The ICAEW (Institute of Chartered Accountants in England and Wales) has warned that the government still have a deficit when the current Parliament comes to an end in 2020.
In his Summer Budget, the Chancellor George Osborne revealed a longer timeline for deficit reduction. In the Budget earlier in the year, Mr Osborne forecast government accounts showing a surplus of around £7 billion by 2018/19. But a surplus is now not expected until 2019/20.
On that timescale, the ICAEW believes that increase interest rates would have a knock-on effect on the economy and push back the surplus even further, into the next Parliament. Initially, the Conservatives had pledged to eliminate the deficit by the end of the previous Parliament, which ended this year.

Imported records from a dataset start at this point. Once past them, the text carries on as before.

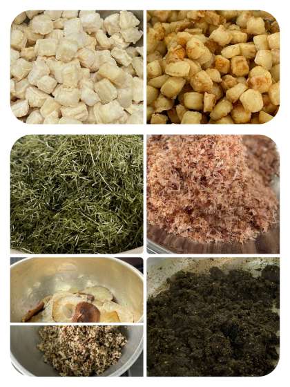 のりのつくだ煮は、もどした干ししいたけを粗みじん切りにして、かつおぶし(砕片)と、きざみのりを調味料を入れただし汁で煮つめた手作りのごはんのおともです。
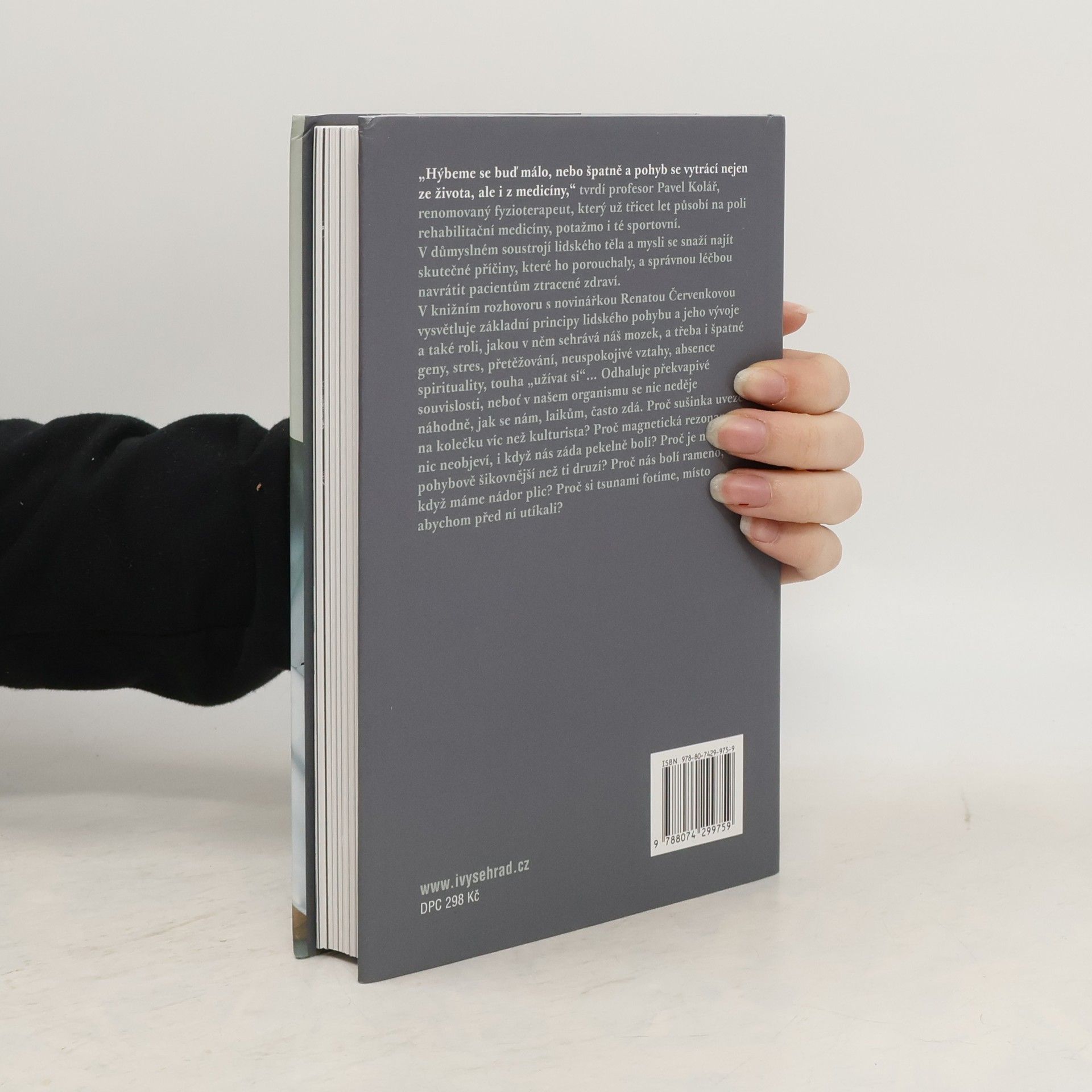 Knižní rozhovor s renomovaným fyzioterapeutem prof. Kolářem. „Hýbeme se buď málo, nebo špatně a pohyb se vytrácí nejen ze života, ale i z medicíny,“ tvrdí profesor Pavel Kolář, renomovaný fyzioterapeut, který už třicet let působí na poli rehabilitační medicíny, potažmo i té sportovní. V důmyslném soustrojí lidského těla a mysli se snaží najít skutečné příčiny, které ho porouchaly, a správnou léčbou navrátit pacientům ztracené zdraví. V rozhovorech s novinářkou Renátou Červenkovou vysvětluje základní principy lidského pohybu a jeho vývoje a také roli, jakou v něm sehrává náš mozek a třeba i špatné geny, stres, přetěžování, neuspokojivé vztahy, absence spirituality, touha „užívat si“... Odhaluje překvapivé souvislosti, neboť v našem organismu se nic neděje náhodně, jak se nám, laikům, často zdá. Proč nás bolí rameno, když máme nádor plic? Proč sušinka uveze na kolečku víc než kulturista? Proč magnetická rezonance nic neobjeví, i když nás záda pekelně bolí? Proč je někdo pohybově šikovnější než ti druzí? Proč si tsunami fotíme, místo abychom před ní utíkali?
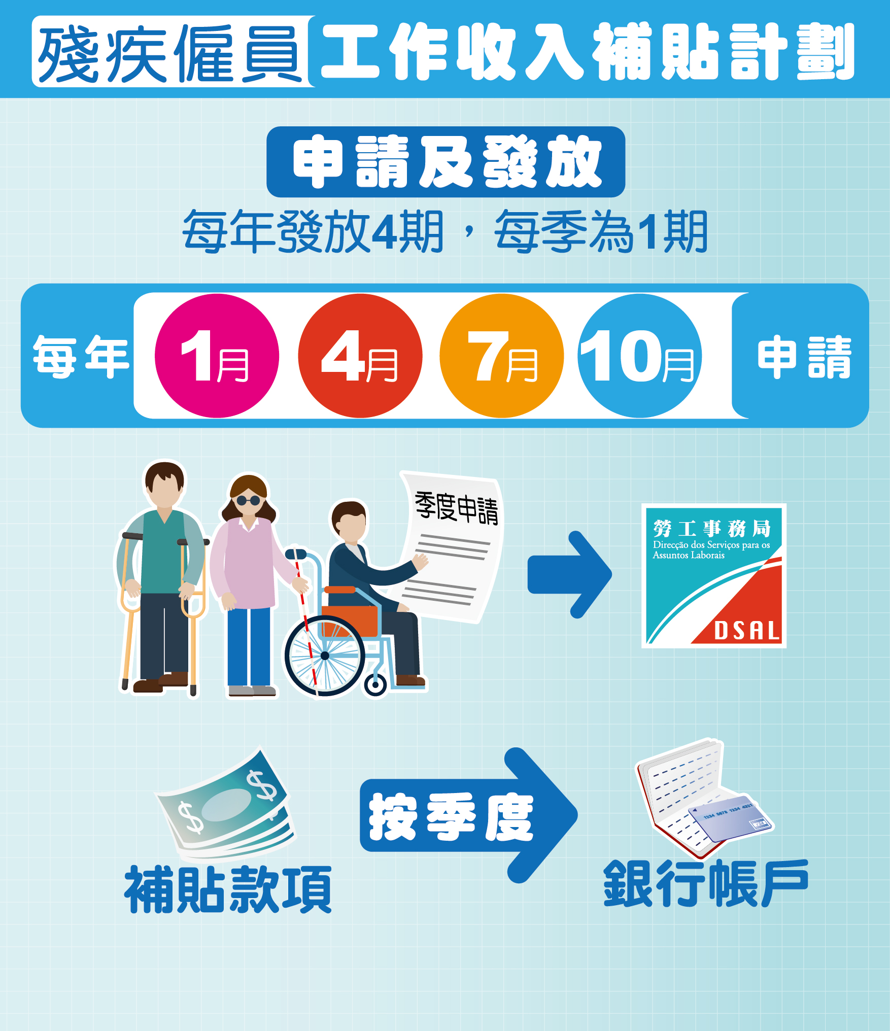 因應《殘疾僱員工作收入補貼計劃》行政法規已於2020年11月1日正式生效,同時,勞工局將於2021年1月1日開始負責審批計劃生效後補貼的申請及發放工作,故符合現行規定的殘疾僱員,可於每年1月、4月、7月及10月向勞工局申領前一季度的收入補貼。
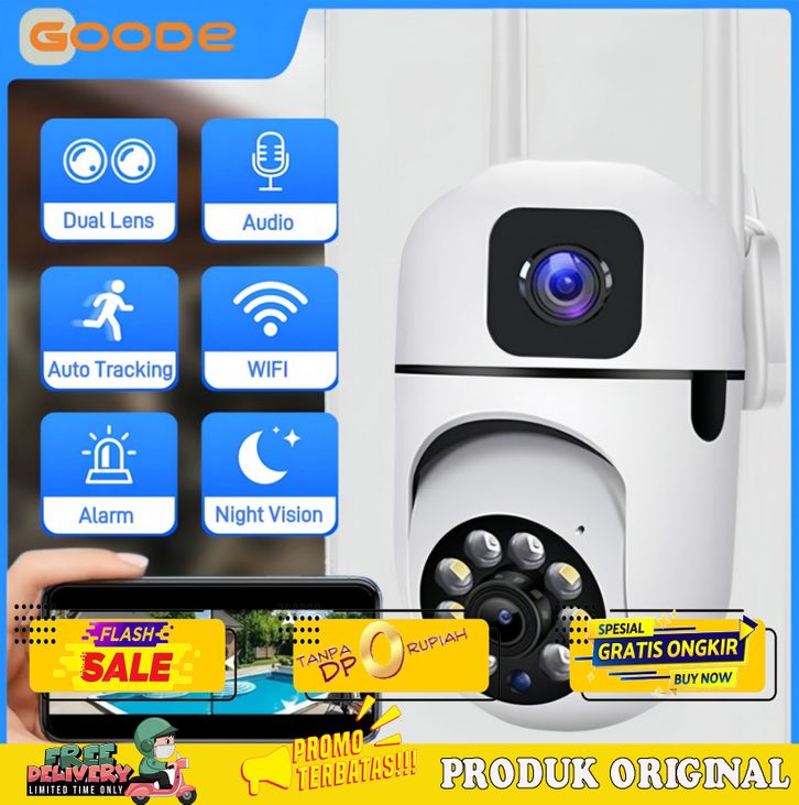 LARIS GOODE V380 PRO DUAL LENS JARAK JAUH LEWAT HP KAMERA PTZ PANORAMIC TANPA KABEL MOTION DETECT 1080P
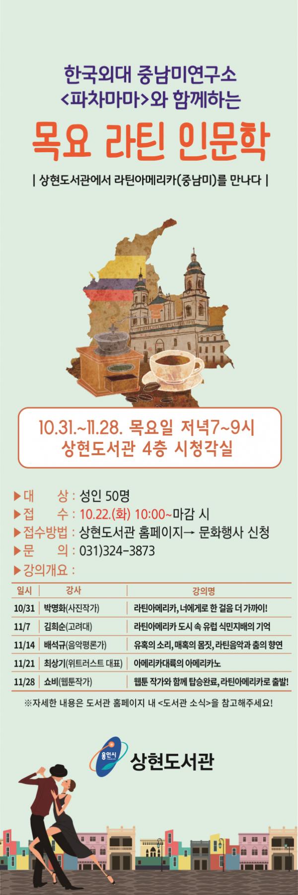 시 관계자는 “한국외대 중남미연구소가 들려주는 5가지 주제의 흥미로운 라틴문화 특강에 많은 주민들이 참여해 인문 소양을 넓히기 바란다”고 말했다.
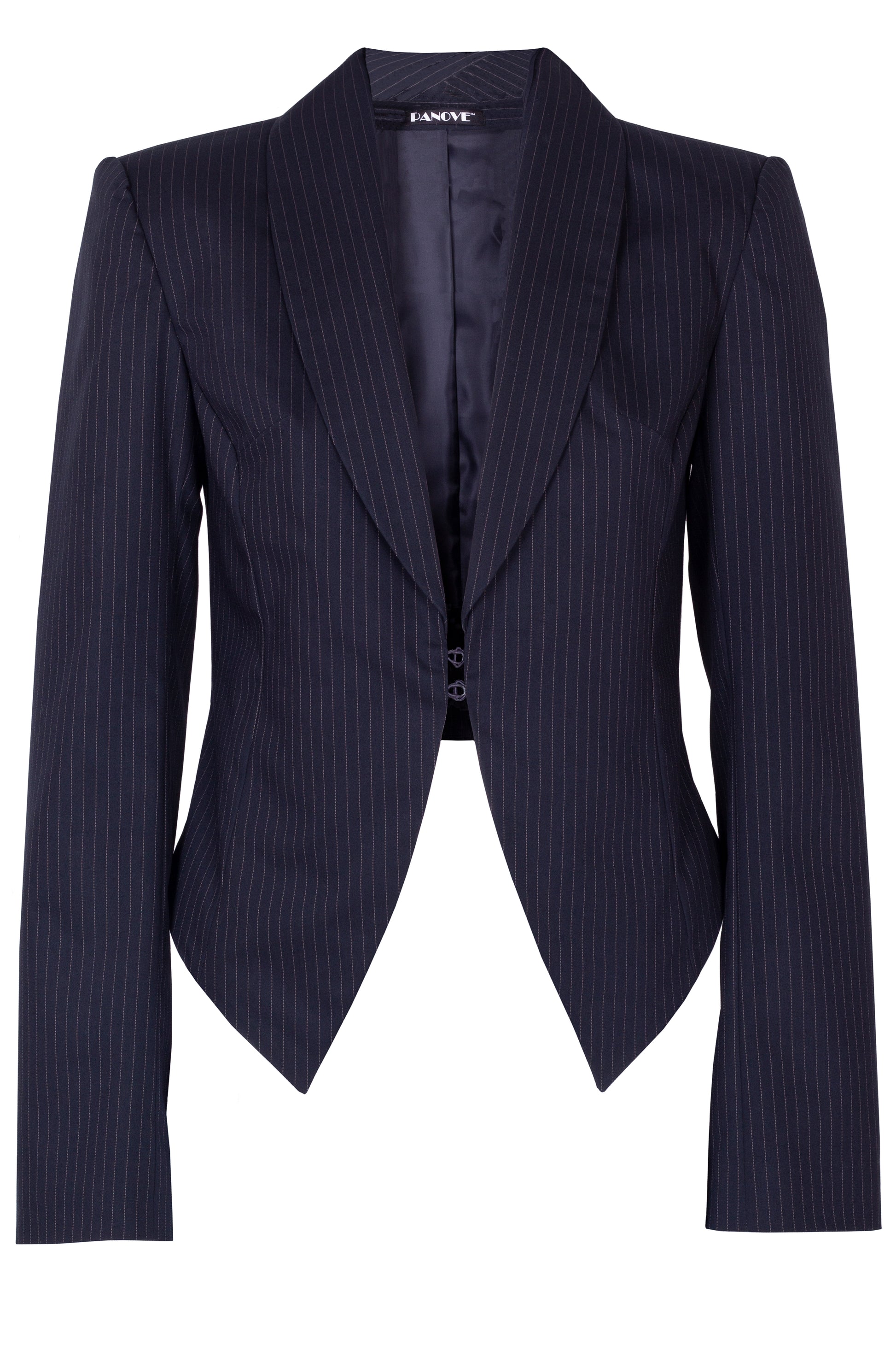 This short shawl collar jacket is designed for a bold and confident look. Crafted from a dense cotton fabric with a thin stripe, it combines classic elegance with modern trends. The fitted silhouette emphasises the waistline and the minimalist design allows you to create stylish combinations for both business meetings and evening outings.
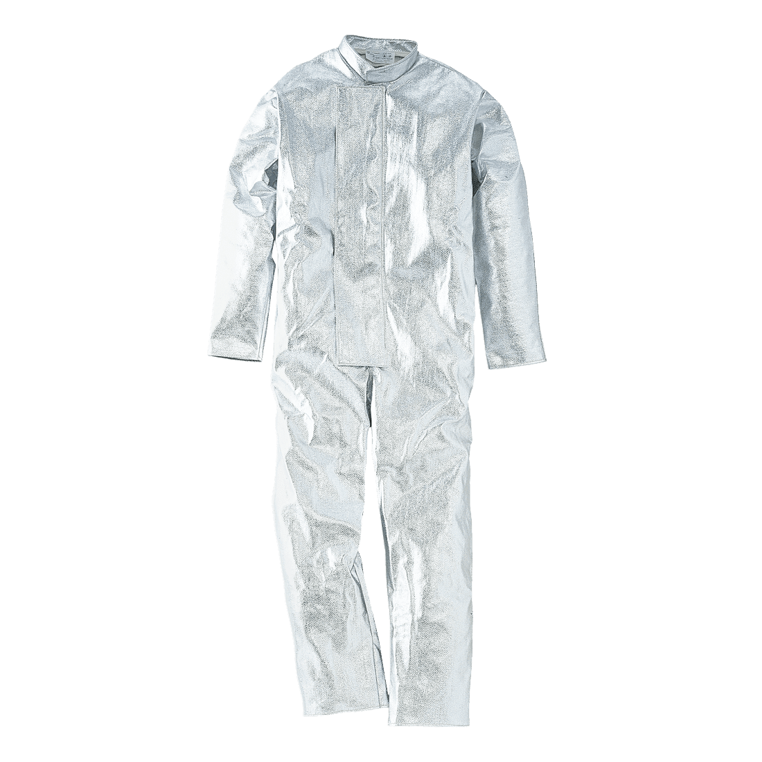 Magas mechanikai védelmi, és hőálló képességgel rendelkező, alumíniumizált para-aramid szálból készült overál, mandarin gallérral, rejtett gombolású, tépőzáras zárással.

ICAEW chief executive, Michael Izza said: "We’re not exactly booming, and there’s certainly plenty of areas of the economy that are holding us back. We could do so much better, especially when it comes to exporting, and upskilling our workforce."
He explained that the new living wage, apprenticeship levy, and insurance premium tax hikes will all affect businesses, and higher interest rates will affect consumer spending - all having an impact on the Treasury's tax receipts.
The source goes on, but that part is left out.